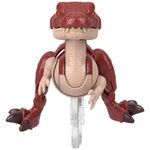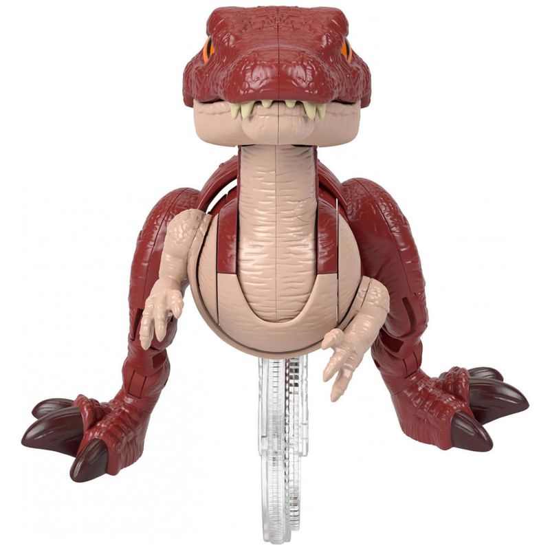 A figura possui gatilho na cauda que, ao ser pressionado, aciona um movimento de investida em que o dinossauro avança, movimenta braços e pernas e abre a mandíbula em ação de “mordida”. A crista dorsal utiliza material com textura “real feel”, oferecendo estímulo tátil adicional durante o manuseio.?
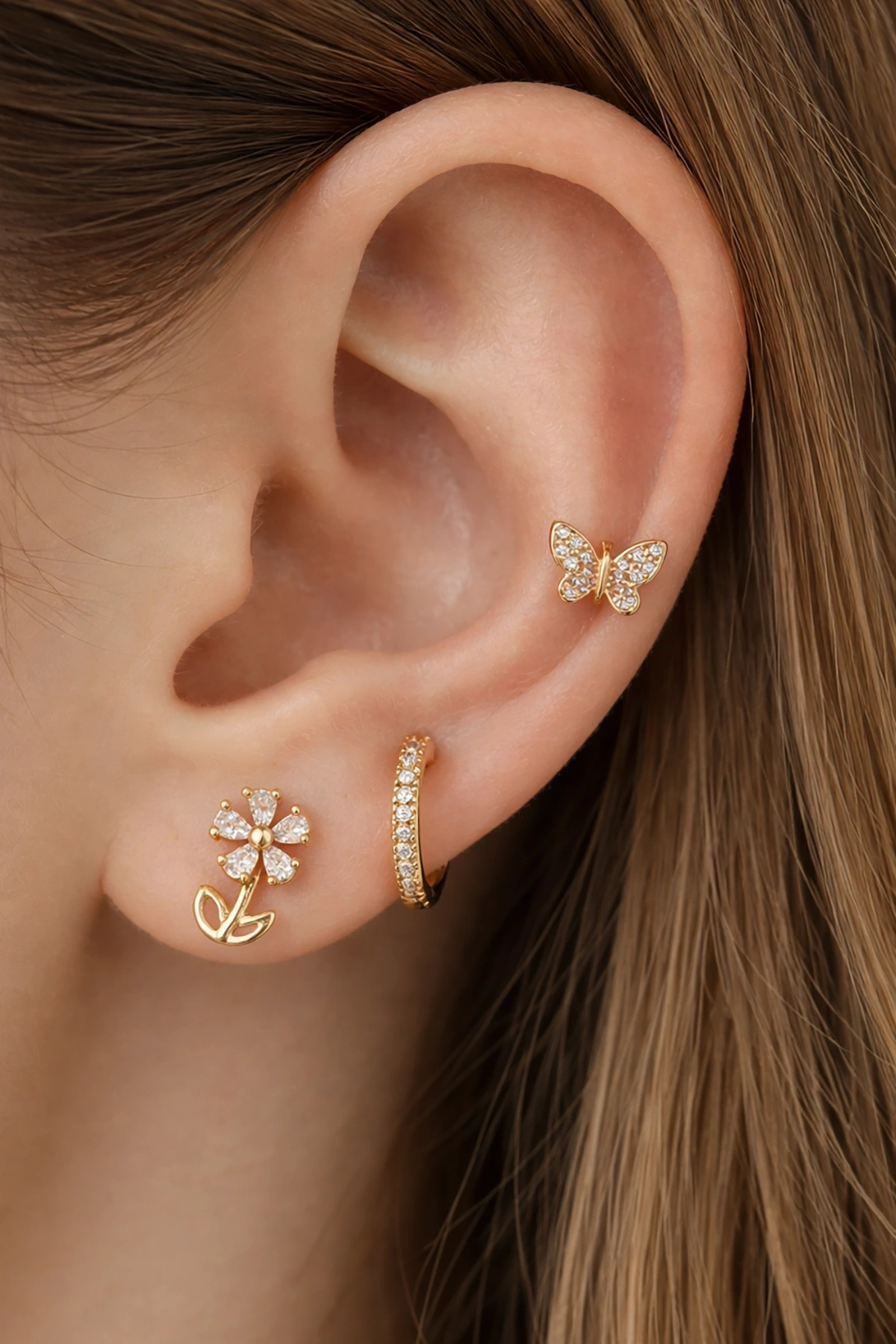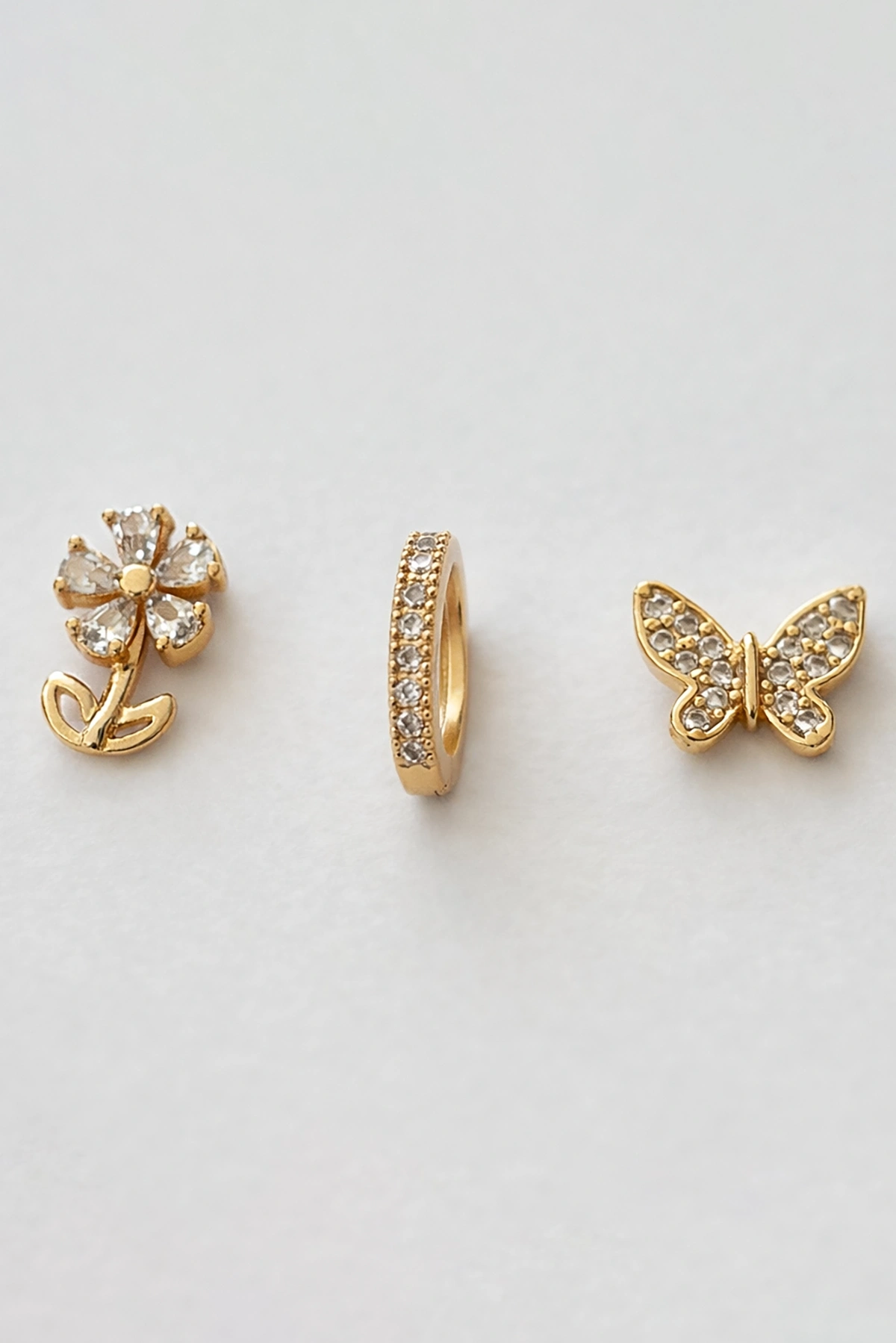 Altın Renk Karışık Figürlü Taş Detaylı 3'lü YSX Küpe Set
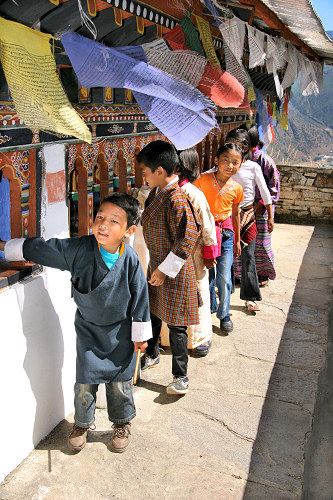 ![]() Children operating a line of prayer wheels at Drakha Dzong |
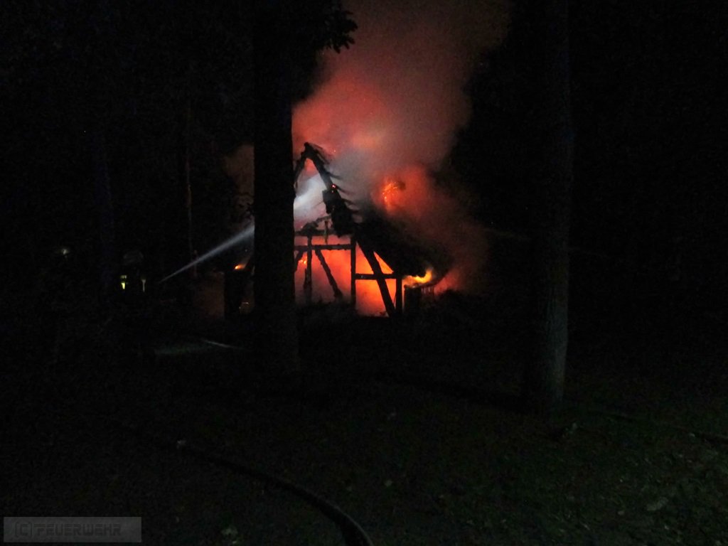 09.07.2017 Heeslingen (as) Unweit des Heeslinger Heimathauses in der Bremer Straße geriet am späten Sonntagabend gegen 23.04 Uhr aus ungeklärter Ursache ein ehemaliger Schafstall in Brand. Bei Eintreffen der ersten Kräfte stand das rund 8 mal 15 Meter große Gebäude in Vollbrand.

○ ○ ○

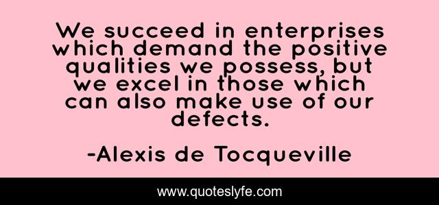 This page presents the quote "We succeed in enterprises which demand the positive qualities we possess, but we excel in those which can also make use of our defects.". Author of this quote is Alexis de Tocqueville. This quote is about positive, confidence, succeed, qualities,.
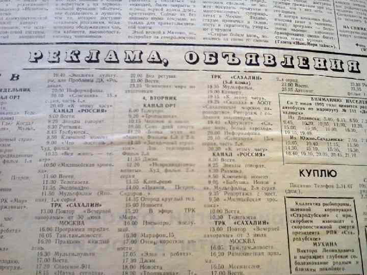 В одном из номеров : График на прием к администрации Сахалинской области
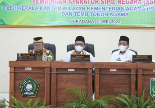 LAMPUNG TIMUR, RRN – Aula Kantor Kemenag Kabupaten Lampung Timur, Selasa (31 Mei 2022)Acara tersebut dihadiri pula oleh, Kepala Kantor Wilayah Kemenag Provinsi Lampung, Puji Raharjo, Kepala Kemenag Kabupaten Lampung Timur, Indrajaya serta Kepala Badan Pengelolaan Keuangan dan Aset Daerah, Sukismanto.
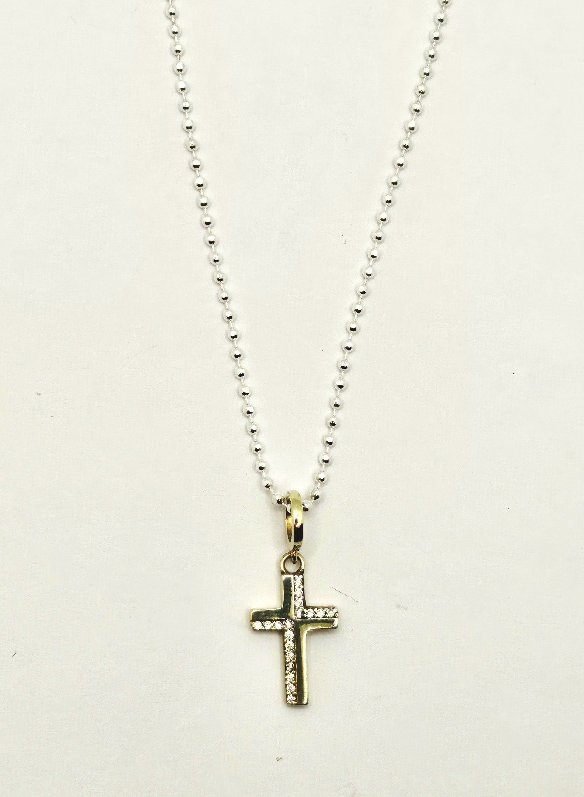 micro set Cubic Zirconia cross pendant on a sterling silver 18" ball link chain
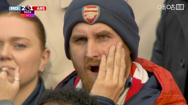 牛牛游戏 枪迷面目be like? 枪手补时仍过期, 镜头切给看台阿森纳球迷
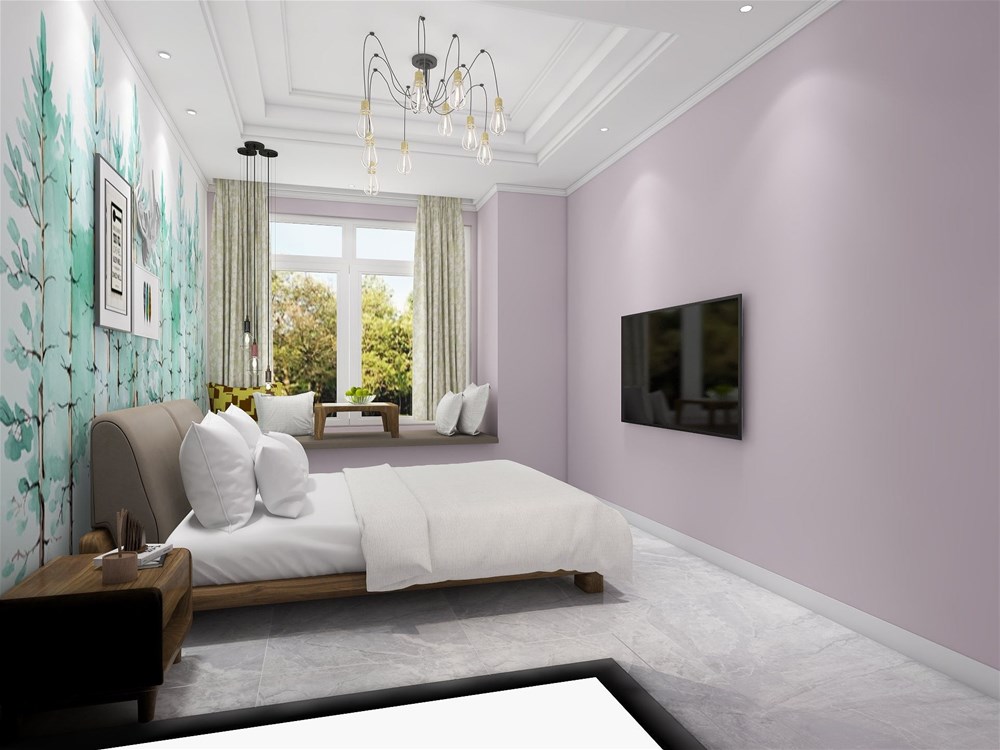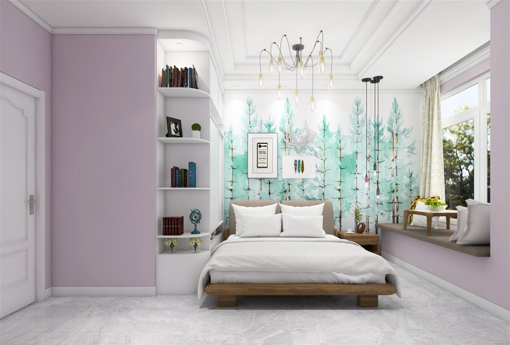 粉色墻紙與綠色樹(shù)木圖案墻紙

○ ○ ○

Above are some records. Output exactly the lines from the one that contains "Altın Renk Karışık" to the one that contains "Drakha Dzong |", keeping both, and omit the pictures.

 Altın Renk Karışık Figürlü Taş Detaylı 3'lü YSX Küpe Set
 ![]() Children operating a line of prayer wheels at Drakha Dzong |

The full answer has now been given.